2. The apple leaf lesion recognition method based on multi-feature fusion and convolutional neural network of claim 1, wherein the specific operation step of optimizing the weight parameters of the convolutional layer using gradient descent method in step S35 comprises,

s361: randomly initializing weight parameters of a network model;

s362: calculating an error between the output value calculated by the model and the true value;

s363: carrying out weight adjustment on each neuron generating errors, and reducing error values;

s364: and repeating the iteration until the optimal value of the network weight is obtained.

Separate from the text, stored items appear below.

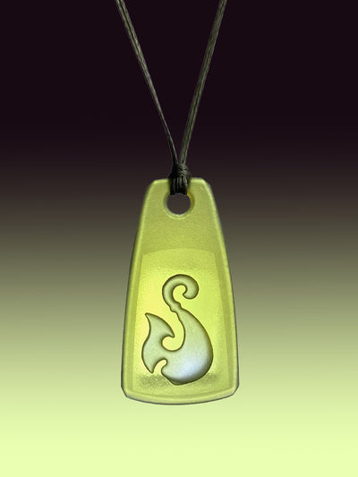 This pendant has a hei matau (fish hook) design sandblasted into the back, and a clear panel in the front to highlight the light refraction within the glass.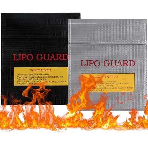ImnBest 2 stycken Lipo Safe Bag, brandsäker Lipo batteriväska, Lipo batteriväska, brandsäker explosionssäker Lipo Safe Bag för laddning och transport, batteri säkerhetslåda, svart, modern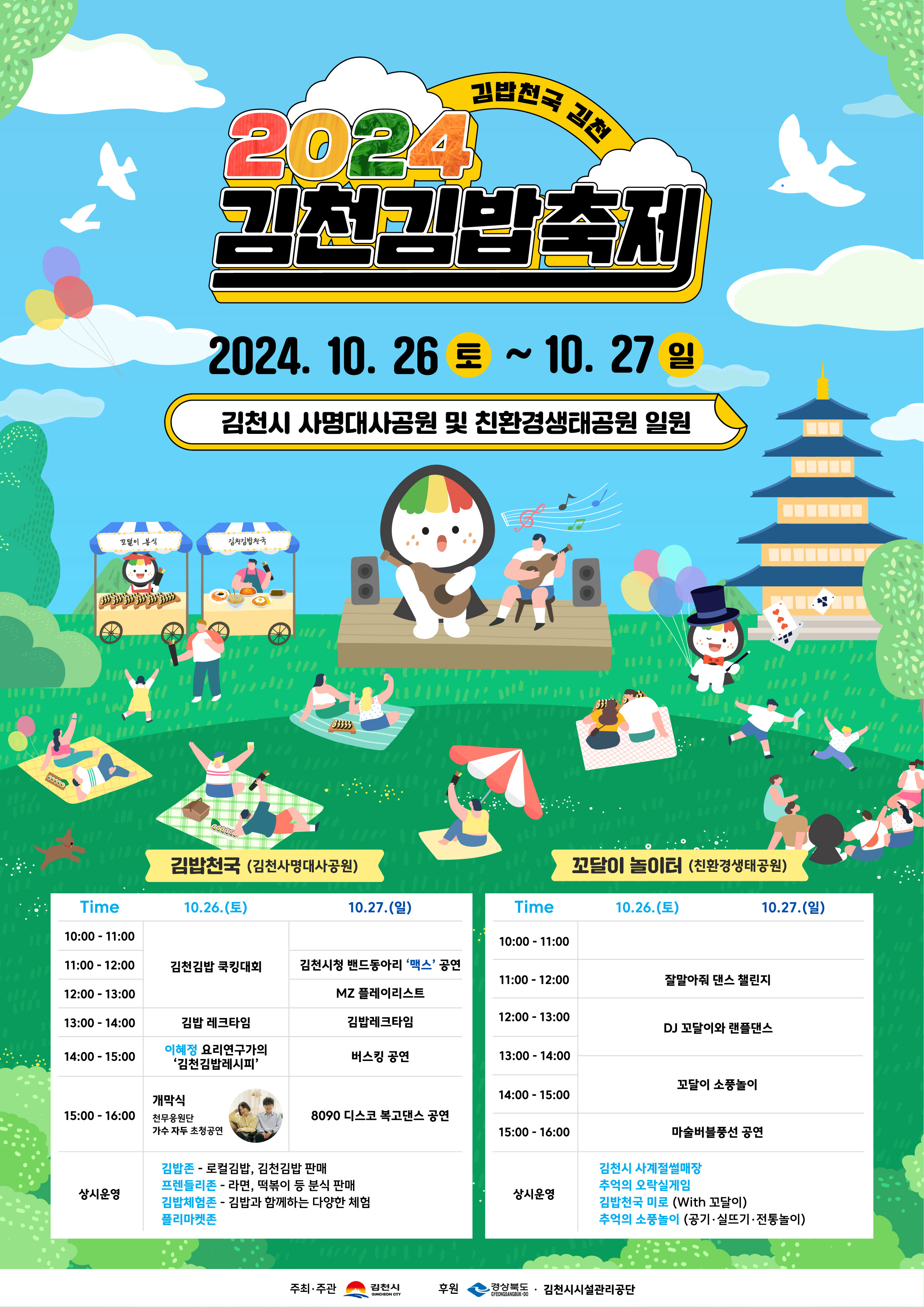 | 김천시는 10월 26일부터 27일까지 사명대사공원 및 친환경생태공원 일원에서『2024 김천김밥축제』를 개최한다.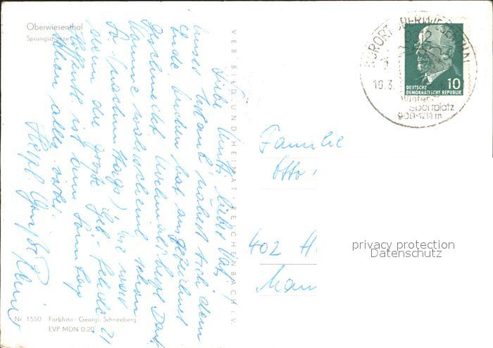 alte Postkarte Ski-Flugschanze Oberwiesenthal postalisch gelaufen Erhaltung siehe scans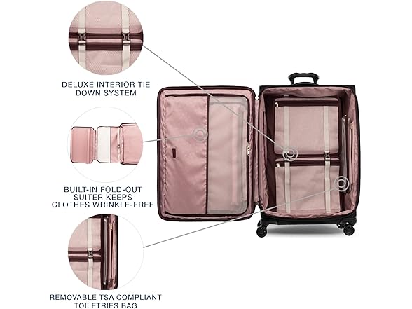 - WRINKLE FREE, ORGANIZED TRAVEL: Built-in suiter keeps clothes wrinkle free. Interior tie down system with accessory pockets and removable wet pocket help keep contents organized. Top, side and bottom carry handles provide carrying options.

3. The apple leaf disease identification method based on multi-feature fusion and convolutional neural network of claim 2, wherein the method is characterized by: in step S4, according to the final output result of the convolutional neural network model, the specific operation of identifying the disease category of the apple leaf comprises: the characteristic map after the global pooling layer operation processing is subjected to identification classification on the image by using a Softmax classifier, wherein an identification calculation formula is as followsWherein w is _i Weights connecting the plurality of neurons in the fully connected layer with i output neurons of the Softmax classifier.